TASK INPUTS:
[Start of section]
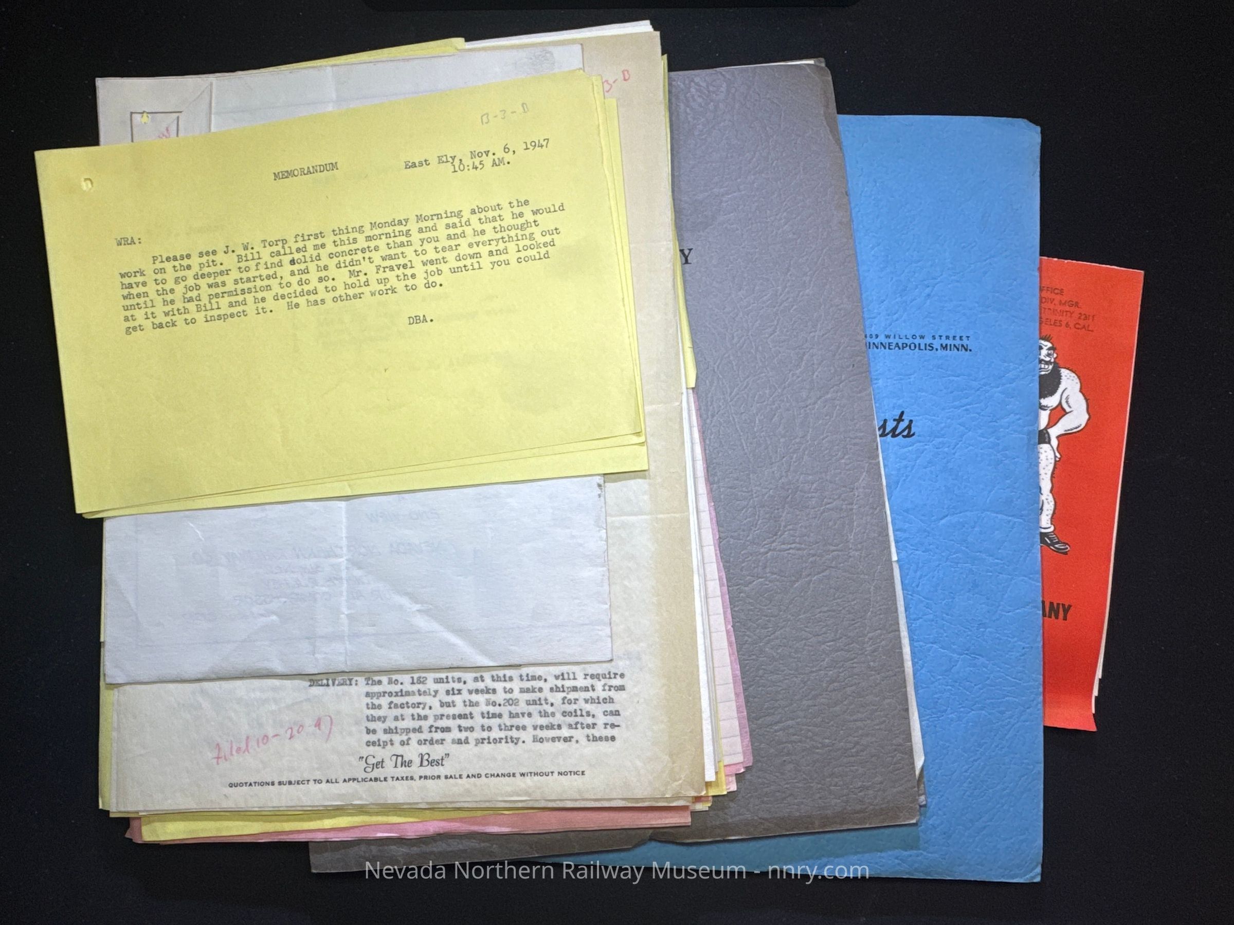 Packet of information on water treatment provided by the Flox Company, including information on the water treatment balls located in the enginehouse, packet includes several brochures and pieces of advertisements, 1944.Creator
[End of section]
[Start of section]
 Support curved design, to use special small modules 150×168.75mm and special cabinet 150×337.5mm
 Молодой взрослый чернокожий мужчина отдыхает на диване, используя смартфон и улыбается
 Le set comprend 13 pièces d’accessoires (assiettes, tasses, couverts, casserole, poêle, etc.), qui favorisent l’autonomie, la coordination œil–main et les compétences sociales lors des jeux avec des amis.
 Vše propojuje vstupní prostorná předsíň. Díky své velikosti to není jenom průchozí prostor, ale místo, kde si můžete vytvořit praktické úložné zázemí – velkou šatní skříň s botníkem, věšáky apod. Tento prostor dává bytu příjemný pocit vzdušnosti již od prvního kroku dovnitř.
[End of section]
WHAT YOU ARE ASKED TO DO:
The required answer is the exact run of lines above starting at the line with "Support curved design, to" and ending at the line with "Vše propojuje vstupní", with both ends present.

RESPONSE AREA:
 Support curved design, to use special small modules 150×168.75mm and special cabinet 150×337.5mm
 Молодой взрослый чернокожий мужчина отдыхает на диване, используя смартфон и улыбается
 Le set comprend 13 pièces d’accessoires (assiettes, tasses, couverts, casserole, poêle, etc.), qui favorisent l’autonomie, la coordination œil–main et les compétences sociales lors des jeux avec des amis.
 Vše propojuje vstupní prostorná předsíň. Díky své velikosti to není jenom průchozí prostor, ale místo, kde si můžete vytvořit praktické úložné zázemí – velkou šatní skříň s botníkem, věšáky apod. Tento prostor dává bytu příjemný pocit vzdušnosti již od prvního kroku dovnitř.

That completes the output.